Finding influencers or micro-influencers to do brand endorsements may seem like a challenging task, but it will most likely help you build brand awareness, grow your business, and therefore increase your conversions. Micro-influencers are more approachable and usually have a niche area of expertise, which means you’re more likely to get their attention when contacting them, and get their audience’s attention when promoting your brand.

If you’re no longer considered a ‘small’ company, targeting bigger influencers might be a better option for you. Influencer approval can come in the form of paid endorsements or unpaid ones. Sending some of your products or offering a free service to an influencer could lead to free social media publicity.

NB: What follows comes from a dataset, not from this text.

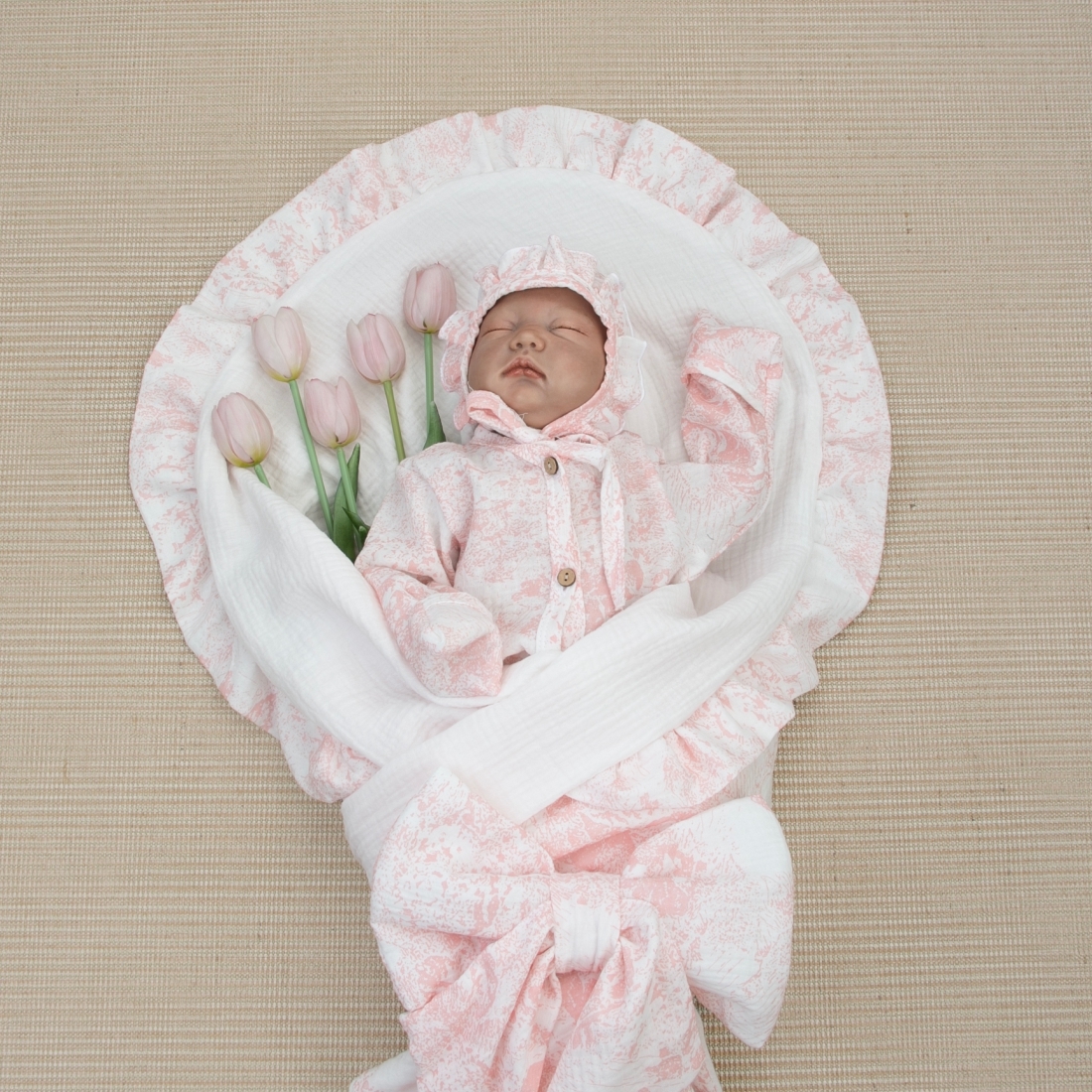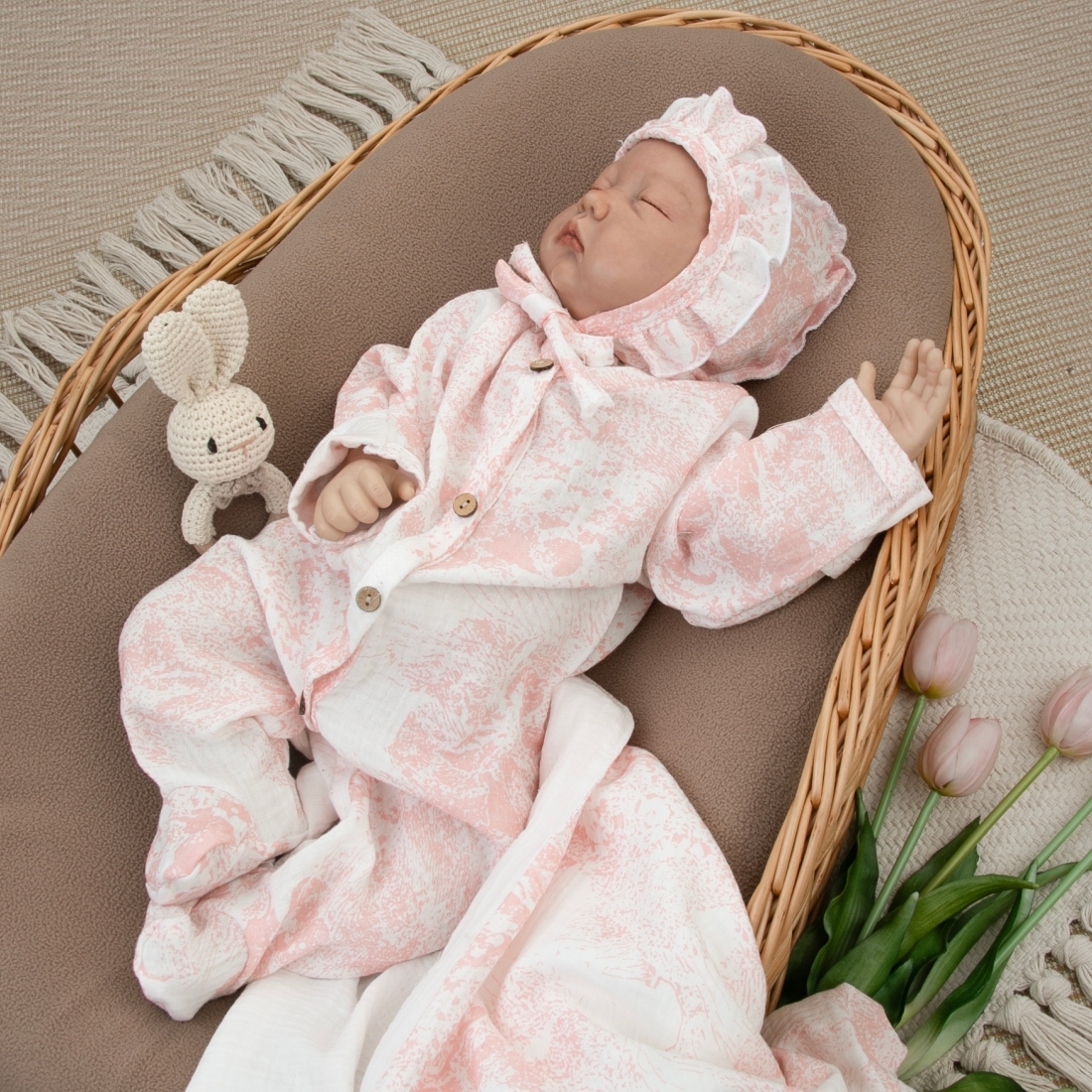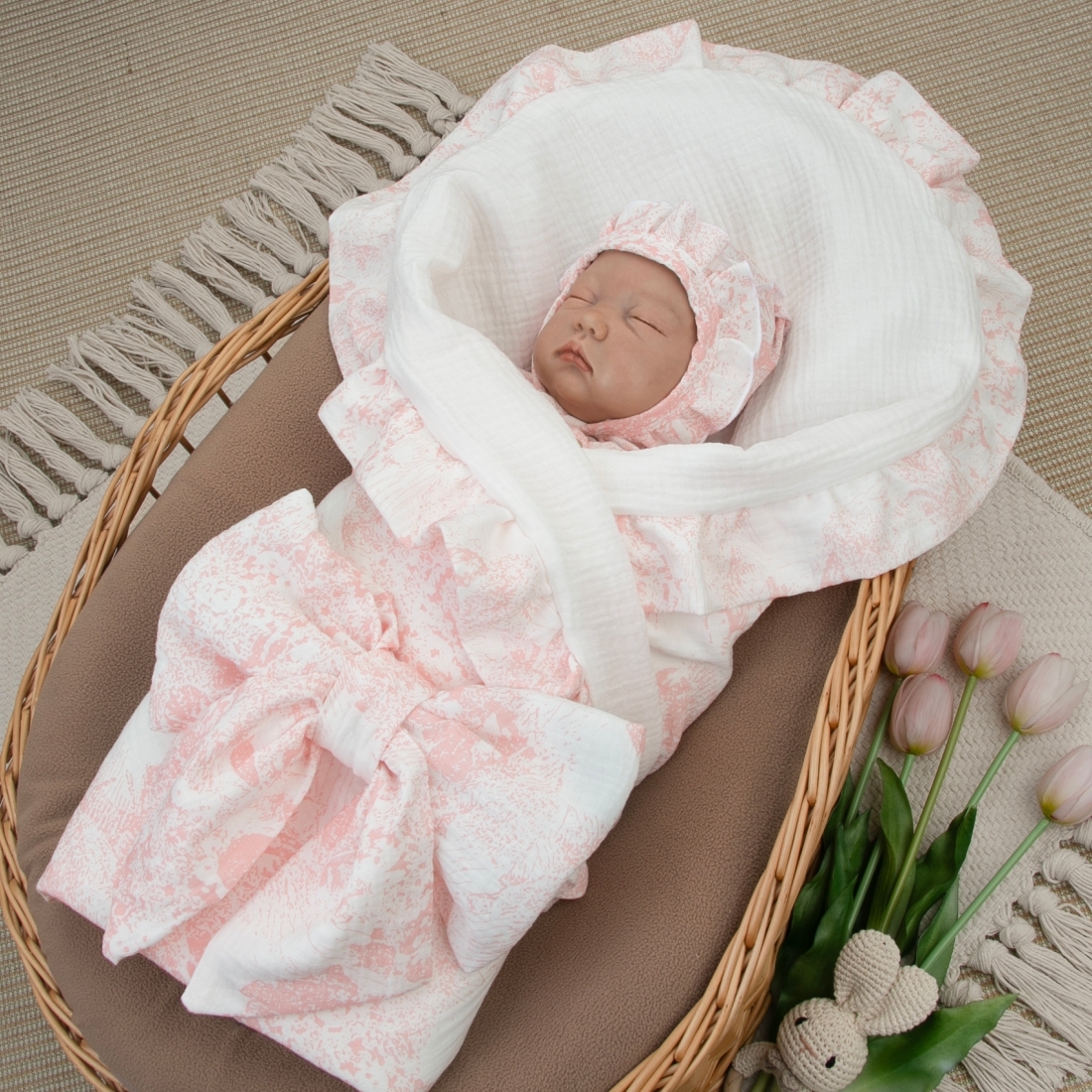 Комплект на выписку 4 предмета "Муслин Рюша".

Micro-influencers tend to be more approachable and have a very niche area of expertise, which means you’re more likely to get their attention when contacting them.

Sharing specific content through ‘famous’ influencers also means your audience is more likely to be interested in what you’re sharing, which will help boost your conversions.

The bigger the brand, the easier it gets to partner with ‘celebrities’. If you’re no longer considered a ‘small’ company, consider targeting bigger influencers or celebrities like Aveeno did.

6. Customer stories

Last but not least, customer stories or long testimonials are known to provide high value social proof. They’re a great way for businesses to showcase what other customers have achieved with their help. They’re also a great way to let visitors know what to expect from using your business.

Highlighting success stories not only builds credibility earlier in the customer journey, but also provides valuable third-party validation to new visitors. Some of our favourite ways of sharing success stories is social media posts and short videos!

HiSmile has a whole Instagram account dedicated to their customers’ stories and testimonials, with real results from real people.

HiSmile stories and testimonials page

As brick and mortar shops start to reopen this summer, online shops’ conversion rates might take a toll. These 6 social proof examples should help you keep converting your traffic as life slowly gets back to normal.